_THE DATA:_

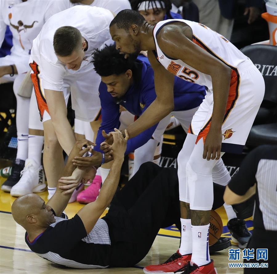 勇士队球员杜兰特(右)在比赛中扶起倒地的裁判。新华社发(董旭东摄)
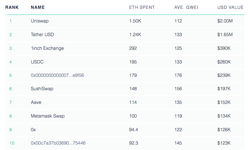 10 самых крупных потребителей газа. Среди лидеров — стейблкоины USDT и USDC и DeFi-приложения. Источник.
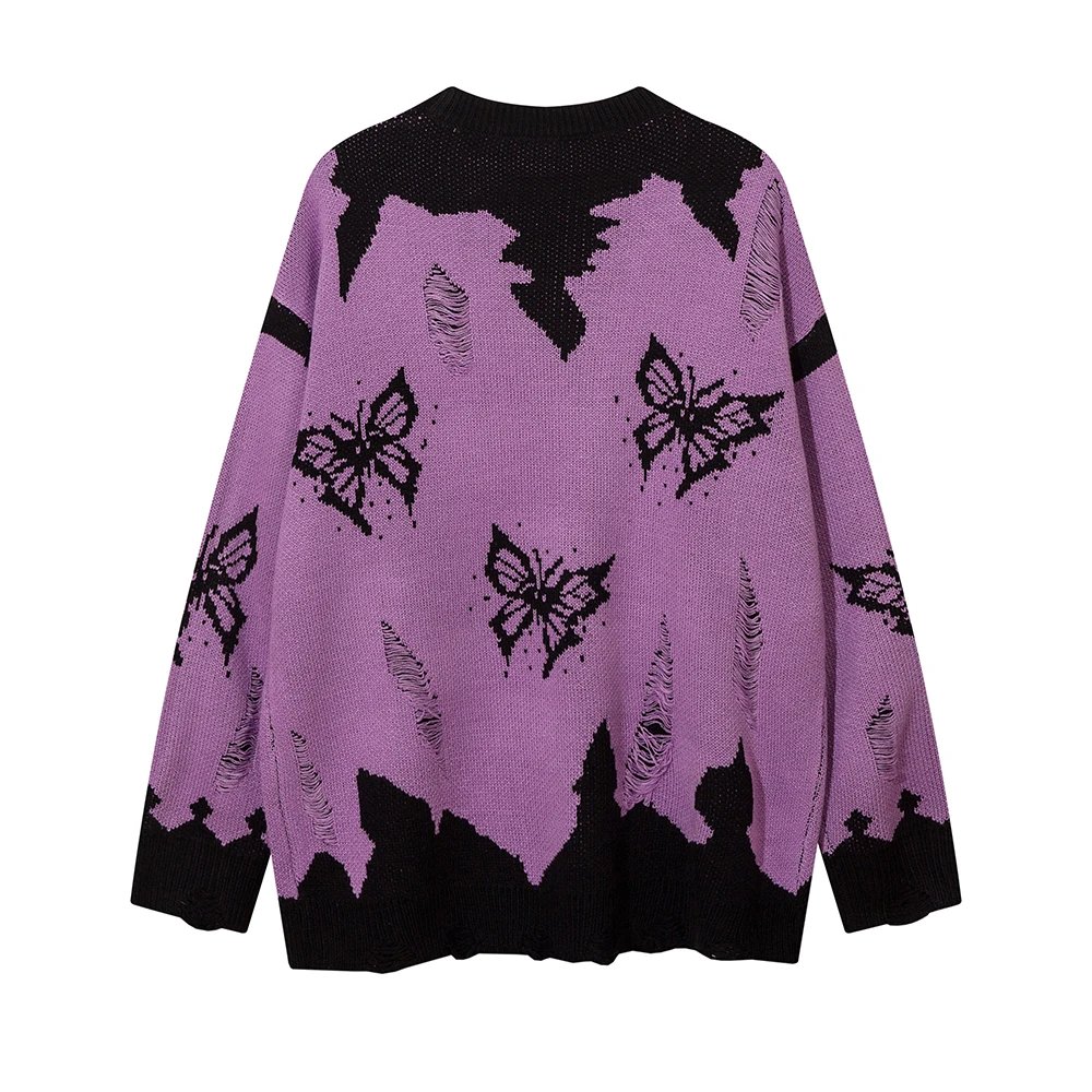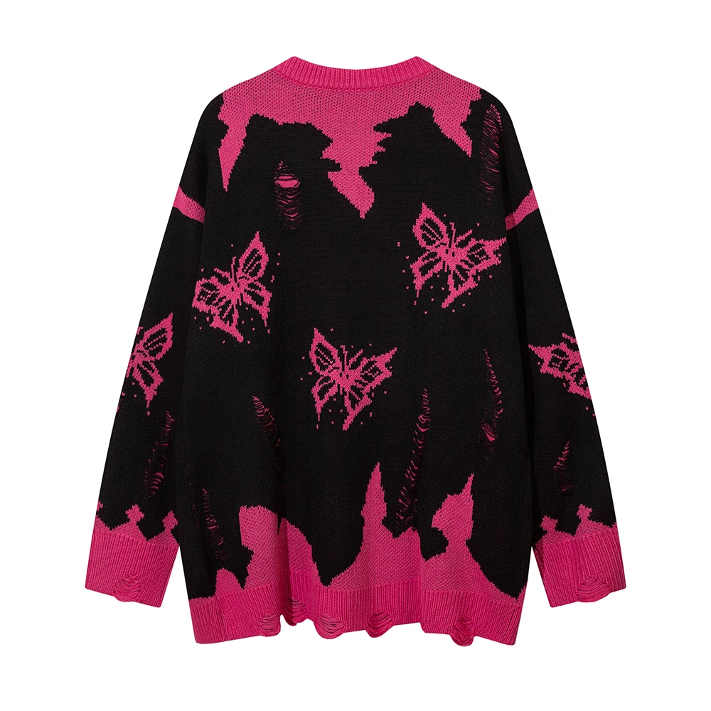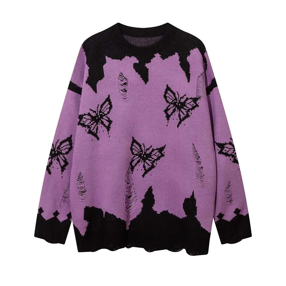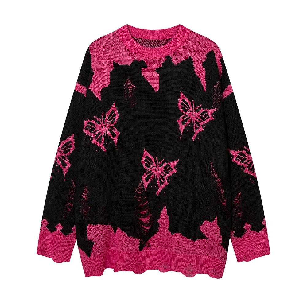 KEaVqFYvQHere you can buy Contrast Color Patchwork Butterfly Ripped Men's Sweaters Pullover High Street Y2k Ropa Hombre Casual Knitted Tops Oversized with free delivery to your post office.
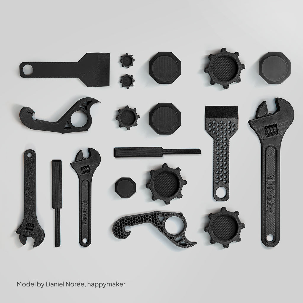 Hardened Steel Extrusion System: hardened steel nozzle and extruder gears are built for long term printing of abrasive fiber reinforced filaments.
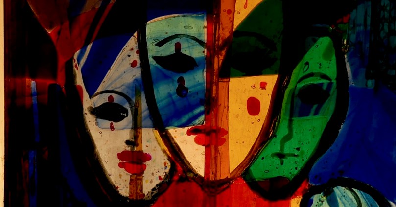 I will leave you with one of George’s exhibition pieces, below, just to remind you that there is more, much more, to stained glass that what we see in churches. It is a complex medium, difficult to master, but so rewarding in the hands of a true artist/craftsman. This one was titled Masks and reflects his love of all things Venetian.
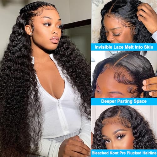 - Full Frontal Deep Wave Wig Human Hair Wig Quality:13x4 HD Transparent Swiss Lace, blends perfectly into your skin, soft and breathable, 180% density deep curly lace front wigs human hair Can Make Baby Hair, Pre Plucked
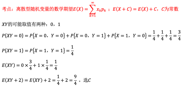 设二维随机变量(X,Y)的分布律为,则E(XY +2)=( ) 作者:高老师 时间:2024-07-28 浏览 2 设二维随机变量(X,Y)的分布律为,则E(XY +2)=( )A、1/16B、1/8C、9/4D、1/2【正确答案】:C【题目解析】: 📱 扫码体验刷题小程序 扫一扫使用我们的微信小程序
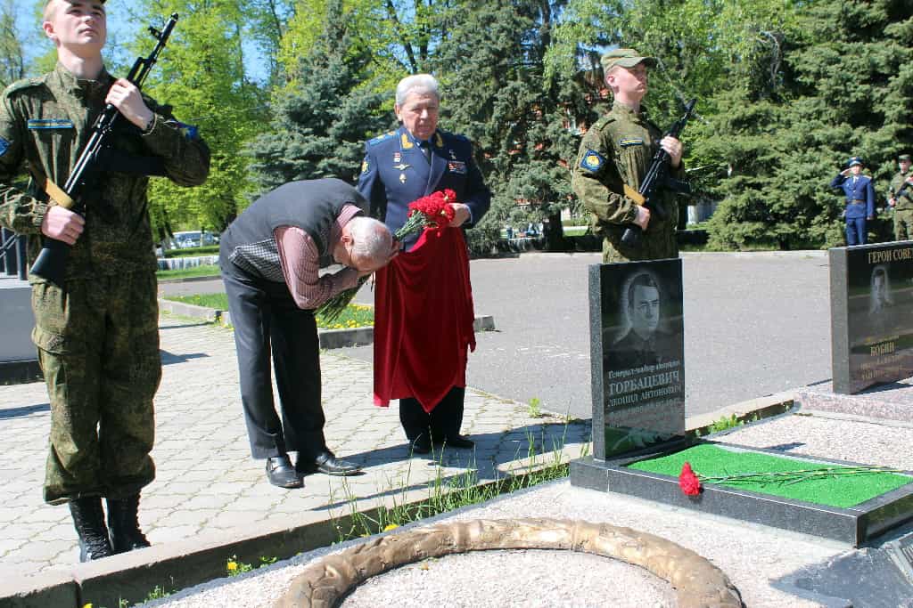 Почётное право открыть памятник предоставили Заслуженному военному лётчику СССР Герою России генералу армии Петру Степановичу Дейнекину и внуку - Станиславу Станиславовичу Горбацевичу.
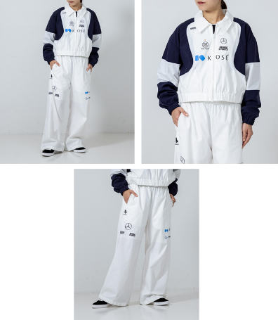 ステージに映えるホワイトカラーをベースに、ネイビーと掛け合わせた都会的で洗練されたイメージでデザインしました。ほつれや破れに強い、ドビーリップストップナイロンポリを採用し、ブレイキン(ブレイクダンス)のアクティブな動きにも対応する機能性も兼ね備えています。ダンスの動きがより際立つよう、袖のカラー配分や、パンツの太さなどの細部にもこだわり、ブレイキンのダイナミックなイメージの中にも、品をプラスするようなセットアップで、新たな表情を演出します。
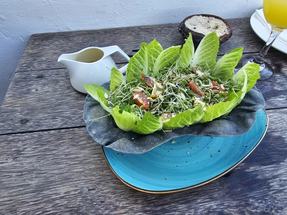 For an appetizer, I chose a local signature salad with sesame seeds and bread. It was great!
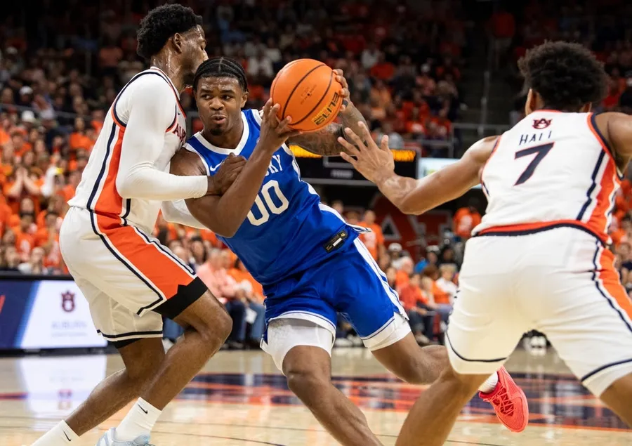 Auburn (15-12, 6-8) marcou 74-73 em um par de lances livres de Tahaad Pettiford faltando 14 segundos para o fim, depois recuperou a posse após uma falta ofensiva sobre Collin Chandler, do Kentucky. Kevin Overton errou um chute na pista na posse remaining de Auburn, e depois que Murphy errou um chute, Freeman acertou na terceira tentativa de Auburn. A posse remaining do Kentucky terminou com um passe desviado que impediu o chute.
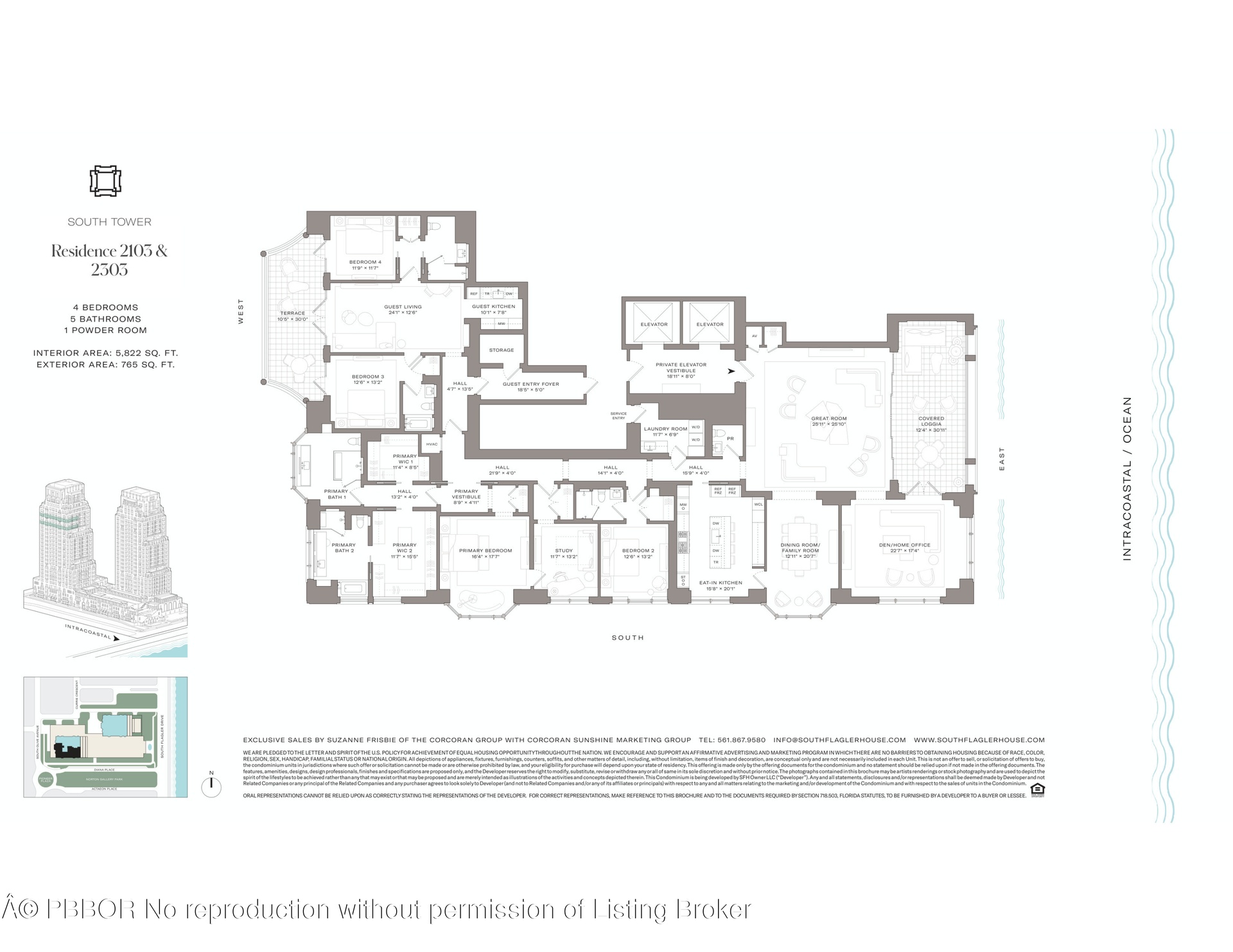 South Tower Residence 2103 at South Flagler House captures the essence of waterfront living with 4 BR and 5.1 BA designed for elegance and ease. A private elevator opens to a sunlit great room with sweeping views of the Intracoastal, Palm Beach Island, and the Atlantic Ocean. The primary suite is a serene retreat with dual baths & dual walk-in closets. Thoughtfully designed for both comfort and entertaining, the residence features an eat-in kitchen, library/office, guest wing with its own private terrace, and expansive outdoor living that seamlessly blends with the interiors. South Flagler House, presented by Related Ross, combines the timeless style of Robert A.M. Stern Architects & the luxurious aesthetic of Pembrooke & Ives, resulting in soulful spaces designed for an enhanced lifestyle. Primely positioned on 3.4 acres along the Intracoastal Waterway at 1355 S Flagler Dr. South Flagler House features two 28-story structures with 105 beautifully appointed 2-to-5-bedroom homes. Representing the single largest amenity offering per residence in all of Palm Beach County. Residents will have access to lifestyle amenities of unprecedented range & quality, with on-site concierge services surpassing those of the most exclusive private members' clubs.
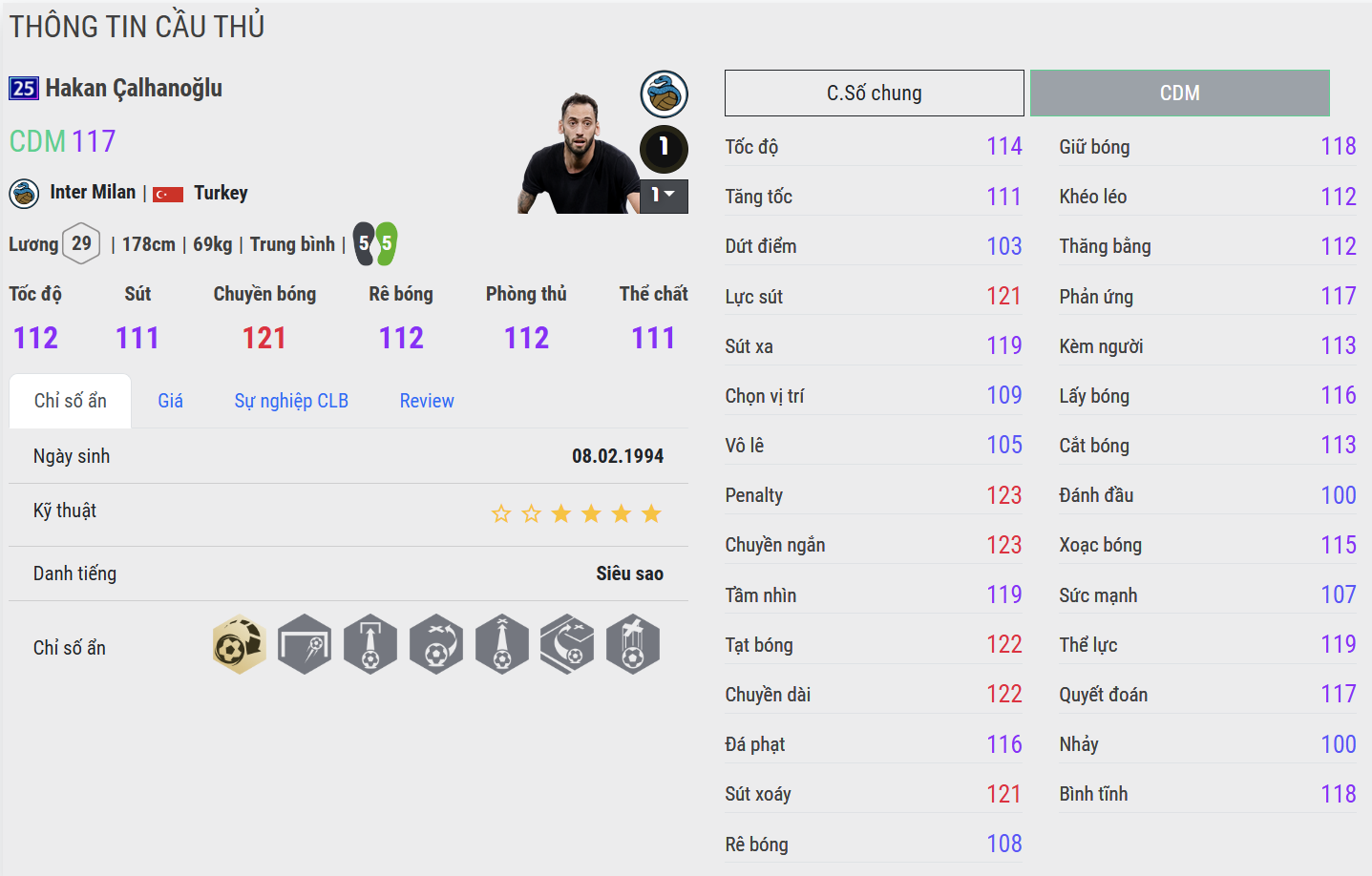 Hakan Calhanoglu là mẫu tiền vệ trung tâm nổi bật với kỹ thuật cá nhân tinh tế và khả năng sút xa đầy uy lực. Trong màu áo Inter Milan, anh giữ vai trò quan trọng ở tuyến giữa nhờ khả năng điều tiết lối chơi và tạo ra những đường chuyền mang tính đột biến.
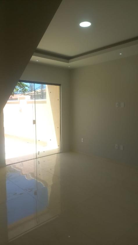 Linda casa em cordeirinho marica com dois quartos com suíte três banheiros uma vaga de garagem cozinha americana uma quadra da praia uma quadra da lagoa com comercio posto de saude onibus ao lado menos de 20m de distancia gramado na frente da casa piso porcelanato
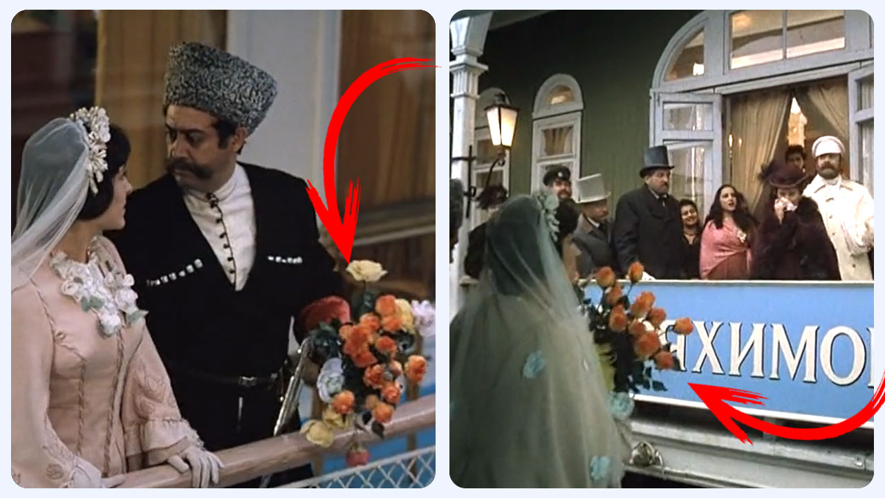 Гости на пристани провожают молодожёнов. Паратов бросает невесте цветы, но ревнивый князь тут же их вырывает. Но через несколько секунд, при смене ракурса, цветы вновь у невесты.

_WHAT THIS TASK INVOLVES:_ Copy out every entry above exactly. Leave the pictures out.

_FINISHED TASK:_
 勇士队球员杜兰特(右)在比赛中扶起倒地的裁判。新华社发(董旭东摄)
 10 самых крупных потребителей газа. Среди лидеров — стейблкоины USDT и USDC и DeFi-приложения. Источник.
 KEaVqFYvQHere you can buy Contrast Color Patchwork Butterfly Ripped Men's Sweaters Pullover High Street Y2k Ropa Hombre Casual Knitted Tops Oversized with free delivery to your post office.
 Hardened Steel Extrusion System: hardened steel nozzle and extruder gears are built for long term printing of abrasive fiber reinforced filaments.
 I will leave you with one of George’s exhibition pieces, below, just to remind you that there is more, much more, to stained glass that what we see in churches. It is a complex medium, difficult to master, but so rewarding in the hands of a true artist/craftsman. This one was titled Masks and reflects his love of all things Venetian.
 - Full Frontal Deep Wave Wig Human Hair Wig Quality:13x4 HD Transparent Swiss Lace, blends perfectly into your skin, soft and breathable, 180% density deep curly lace front wigs human hair Can Make Baby Hair, Pre Plucked
 设二维随机变量(X,Y)的分布律为,则E(XY +2)=( ) 作者:高老师 时间:2024-07-28 浏览 2 设二维随机变量(X,Y)的分布律为,则E(XY +2)=( )A、1/16B、1/8C、9/4D、1/2【正确答案】:C【题目解析】: 📱 扫码体验刷题小程序 扫一扫使用我们的微信小程序
 Почётное право открыть памятник предоставили Заслуженному военному лётчику СССР Герою России генералу армии Петру Степановичу Дейнекину и внуку - Станиславу Станиславовичу Горбацевичу.
 ステージに映えるホワイトカラーをベースに、ネイビーと掛け合わせた都会的で洗練されたイメージでデザインしました。ほつれや破れに強い、ドビーリップストップナイロンポリを採用し、ブレイキン(ブレイクダンス)のアクティブな動きにも対応する機能性も兼ね備えています。ダンスの動きがより際立つよう、袖のカラー配分や、パンツの太さなどの細部にもこだわり、ブレイキンのダイナミックなイメージの中にも、品をプラスするようなセットアップで、新たな表情を演出します。
 For an appetizer, I chose a local signature salad with sesame seeds and bread. It was great!
 Auburn (15-12, 6-8) marcou 74-73 em um par de lances livres de Tahaad Pettiford faltando 14 segundos para o fim, depois recuperou a posse após uma falta ofensiva sobre Collin Chandler, do Kentucky. Kevin Overton errou um chute na pista na posse remaining de Auburn, e depois que Murphy errou um chute, Freeman acertou na terceira tentativa de Auburn. A posse remaining do Kentucky terminou com um passe desviado que impediu o chute.
 South Tower Residence 2103 at South Flagler House captures the essence of waterfront living with 4 BR and 5.1 BA designed for elegance and ease. A private elevator opens to a sunlit great room with sweeping views of the Intracoastal, Palm Beach Island, and the Atlantic Ocean. The primary suite is a serene retreat with dual baths & dual walk-in closets. Thoughtfully designed for both comfort and entertaining, the residence features an eat-in kitchen, library/office, guest wing with its own private terrace, and expansive outdoor living that seamlessly blends with the interiors. South Flagler House, presented by Related Ross, combines the timeless style of Robert A.M. Stern Architects & the luxurious aesthetic of Pembrooke & Ives, resulting in soulful spaces designed for an enhanced lifestyle. Primely positioned on 3.4 acres along the Intracoastal Waterway at 1355 S Flagler Dr. South Flagler House features two 28-story structures with 105 beautifully appointed 2-to-5-bedroom homes. Representing the single largest amenity offering per residence in all of Palm Beach County. Residents will have access to lifestyle amenities of unprecedented range & quality, with on-site concierge services surpassing those of the most exclusive private members' clubs.
 Hakan Calhanoglu là mẫu tiền vệ trung tâm nổi bật với kỹ thuật cá nhân tinh tế và khả năng sút xa đầy uy lực. Trong màu áo Inter Milan, anh giữ vai trò quan trọng ở tuyến giữa nhờ khả năng điều tiết lối chơi và tạo ra những đường chuyền mang tính đột biến.
 Linda casa em cordeirinho marica com dois quartos com suíte três banheiros uma vaga de garagem cozinha americana uma quadra da praia uma quadra da lagoa com comercio posto de saude onibus ao lado menos de 20m de distancia gramado na frente da casa piso porcelanato
 Гости на пристани провожают молодожёнов. Паратов бросает невесте цветы, но ревнивый князь тут же их вырывает. Но через несколько секунд, при смене ракурса, цветы вновь у невесты.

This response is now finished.